*** Opening of DATA PROVIDED ***
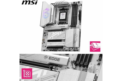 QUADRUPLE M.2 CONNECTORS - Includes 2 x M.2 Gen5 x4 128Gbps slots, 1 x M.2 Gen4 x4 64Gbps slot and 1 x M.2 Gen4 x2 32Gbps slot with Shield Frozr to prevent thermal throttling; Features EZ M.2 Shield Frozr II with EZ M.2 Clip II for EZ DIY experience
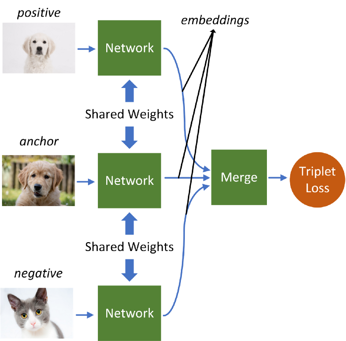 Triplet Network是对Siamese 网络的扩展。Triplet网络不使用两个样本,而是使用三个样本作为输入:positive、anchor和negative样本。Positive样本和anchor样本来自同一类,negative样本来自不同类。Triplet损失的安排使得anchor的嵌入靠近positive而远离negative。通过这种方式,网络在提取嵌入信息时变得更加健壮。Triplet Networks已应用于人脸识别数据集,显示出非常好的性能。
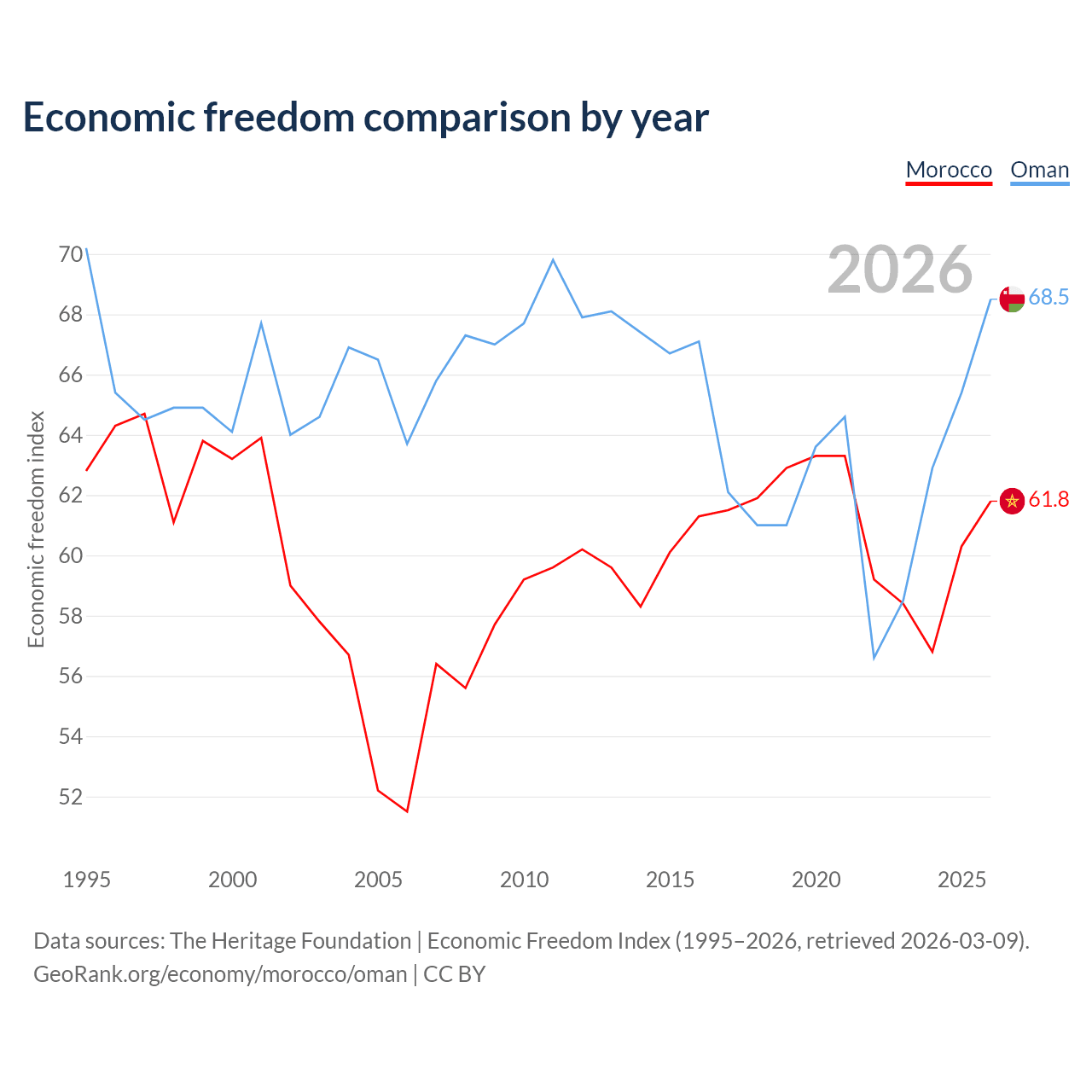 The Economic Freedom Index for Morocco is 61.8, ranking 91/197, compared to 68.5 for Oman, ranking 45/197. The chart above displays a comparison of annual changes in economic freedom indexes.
*** Close of DATA PROVIDED ***
- _WORK TO COMPLETE_: Give back the listing exactly, with the pictures removed.

- _EXPECTED OUTPUT_:
 QUADRUPLE M.2 CONNECTORS - Includes 2 x M.2 Gen5 x4 128Gbps slots, 1 x M.2 Gen4 x4 64Gbps slot and 1 x M.2 Gen4 x2 32Gbps slot with Shield Frozr to prevent thermal throttling; Features EZ M.2 Shield Frozr II with EZ M.2 Clip II for EZ DIY experience
 Triplet Network是对Siamese 网络的扩展。Triplet网络不使用两个样本,而是使用三个样本作为输入:positive、anchor和negative样本。Positive样本和anchor样本来自同一类,negative样本来自不同类。Triplet损失的安排使得anchor的嵌入靠近positive而远离negative。通过这种方式,网络在提取嵌入信息时变得更加健壮。Triplet Networks已应用于人脸识别数据集,显示出非常好的性能。
 The Economic Freedom Index for Morocco is 61.8, ranking 91/197, compared to 68.5 for Oman, ranking 45/197. The chart above displays a comparison of annual changes in economic freedom indexes.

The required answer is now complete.